Rob Reiner's Work Touched Generations
'It’s fun to know you’ve made your way into the culture,' he told me.
Rob Reiner’s murder hit hard this week, and not just because of the shock of a double stabbing murder along with his wife.
As director, writer and actor, Reiner was a talent that helped shape the country over the past half-century, and maybe represented a generation.
He was nurtured, like a lot of boomers, in television comedy, but in a most direct way, watching the work of his father Carl Reiner in making “The Dick Van Dyke Show.” Young Reiner also appeared in a wide variety of comedies in bit parts before he became something of the embodiment of principled youth, battling the bigotry of the establishment in the form of Archie Bunker over nine seasons, through portraying a shaggy-haired son in law forever called Meathead.
All this before creating a body of films that included a a handful of titles that are among the most beloved in American films, from “This is Spinal Tap” — his directorial debut — and “Stand By Me” to “When Harry Met Sally,” “Misery,” “The Princess Bride” and “A Few Good Men.”
That he remained a committed activist gave him purpose beyond filmmaking.
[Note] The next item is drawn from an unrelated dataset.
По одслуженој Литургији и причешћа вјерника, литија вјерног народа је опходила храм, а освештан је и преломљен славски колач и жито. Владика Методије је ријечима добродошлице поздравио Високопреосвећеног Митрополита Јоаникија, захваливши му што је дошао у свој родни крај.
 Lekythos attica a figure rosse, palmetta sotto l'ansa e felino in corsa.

And he was such a nice guy he had a way to put people instantly at ease — probably because everybody might have felt they knew him already.
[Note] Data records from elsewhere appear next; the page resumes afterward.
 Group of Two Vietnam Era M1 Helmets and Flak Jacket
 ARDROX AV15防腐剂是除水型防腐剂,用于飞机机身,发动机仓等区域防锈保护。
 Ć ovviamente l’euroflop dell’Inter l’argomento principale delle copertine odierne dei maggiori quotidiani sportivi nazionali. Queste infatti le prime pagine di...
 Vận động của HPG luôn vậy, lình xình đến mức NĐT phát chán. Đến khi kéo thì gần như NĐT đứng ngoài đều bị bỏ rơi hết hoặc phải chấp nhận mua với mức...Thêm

That was my reaction when I interviewed him eleven years ago for The Washington Post. Though the film he was in town to promote wasn’t one of his greatest, “And So It Goes,” I couldn’t help but marvel that just about everybody on the street I passed that day must have been touched by at least one Rob Reiner film and could probably quote from it.
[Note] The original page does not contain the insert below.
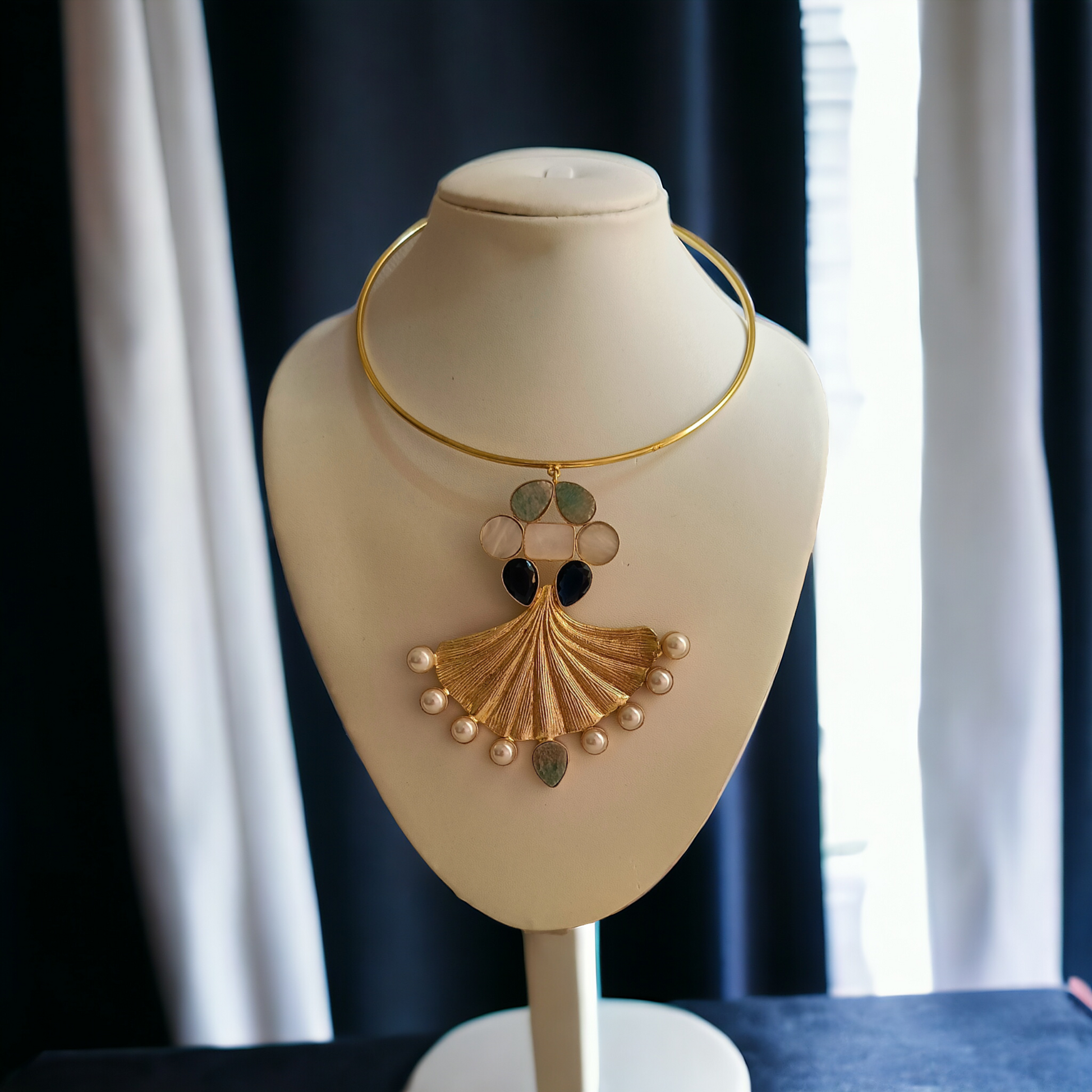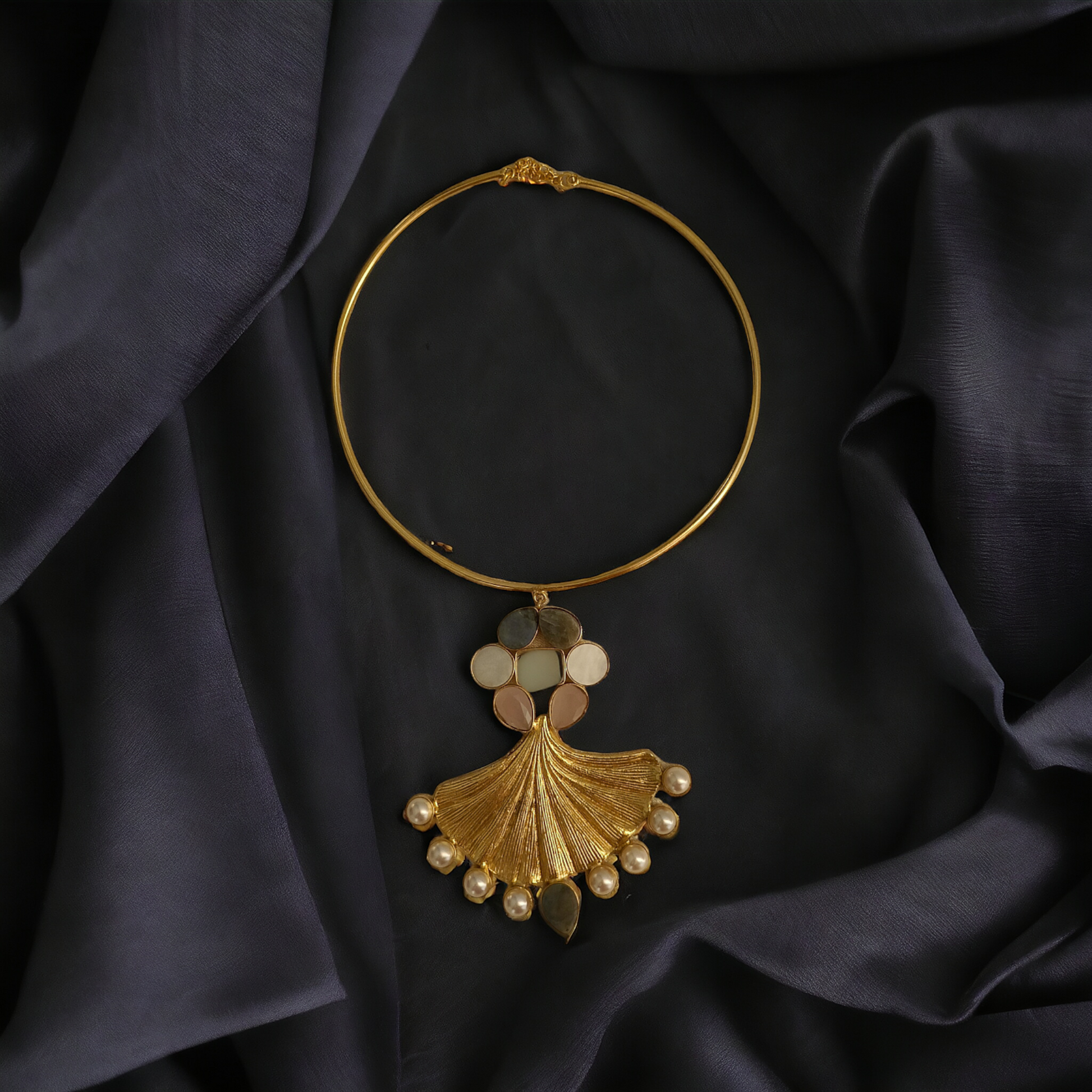 Mother of Pearl Hasli Handcrafted Designe By Brass Material and Natural Pearl and Natural Stones

Plus, they’re the films that become just as important for subsequent generations. The original “Spinal Tap” was practically memorized by fans and became a comic touchstone for musicians. I was just watching “Spinal Tap II: The End Continues” his very long awaited sequel Sunday night, which had just come to HBO over the weekend when the shocking news of his death came out.
Families have handed down their love for “The Princess Bride” down through generations as well. And it wasn’t lost on Reiner.
“It was really thrilling to see people who were 7, 8 years old when they first saw it, and now they’re older and they have kids that age and they’re introducing their kids to the movie,” he told me. “That was a big kick to me. It’s fun to know you’ve made your way into the culture.”
Reiner’s work in the “Spinal Tap” movies shows that, by playing director Marty DiBergi, he was as important as the comic actors playing the band — Christopher Guest, Harry Shearer and Michael McKean — in improvising and delivering its delightful absurdity.
He’s also put in roles in any number of films or series over the years, most recently in the third season of “The Bear” as a restaurant consultant.
“I like acting,” Reiner said. But generally, “it’s not as challenging for me as directing, so I would rather do that.”
He served double duty — directing as well as playing a role as an accompanist to Diane Keaton’s character in “So It Goes,” a romantic comedy that somewhat followed the formula of previous romantic comedies like “The Sure Thing” and “When Harry Met Sally.”
“It’s like variations of a theme — the Goldberg Variations,” Reiner said.
“It’s my view of men and women,” he said. “And no matter what age they get to, in my mind, men and women [remain] the same.”
Women are more emotionally developed and “are more evolved as people,” Reiner says. “They know what they want in life, and they know what’s important. They have good priorities.”
Men, he goes on, “run around like idiots until they find someone who can make them see what’s important and then they say, ‘Oh, I see.’”
“And basically, that’s the same story I’ve told over and over,” Reiner said. “I say it in different ways. But it’s this wonderful dance we do, no matter what age we are.”
Reiner’s nearly two dozen films have won him Oscar nominations, four Golden Globes and a star on the Hollywood Walk of Fame. But he’d be still be widely beloved if only from his days playing Michael Stivic, the proudly woke son-in-law of the Bunkers.
“Basically I was espousing my views,” he said regarding his role in Norman Lear’s classic sitcom. “If anything, Mike was a little more liberal than I am. But it was essentially my point of view, and I was allowed to express it.”
Then as now, the country was deeply divided. And Reiner’s murder Sunday sparked a quick and outrageously callous missive from the president.
But that’s only because Reiner has been proven such a strong advocate for progressive causes. At the time we spoke he was still celebrating the overturn of Proposition 8 in California, allowing gays and lesbians to marry. “Now we’re in the throes of another lawsuit that we filed in Virginia, which is now making its way through the Fourth circuit to the Supreme Court, using the same two lawyers that were in the Prop 8 case,” he said.
From all of his advocacy work, Reiner said he did consider running for office himself over the years.
But he said when he brought it up to his family, “My wife and three kids, discussed it, and basically I polled 40 percent of my family. So I figured if I can’t carry my family, it’s not a good move on my part.”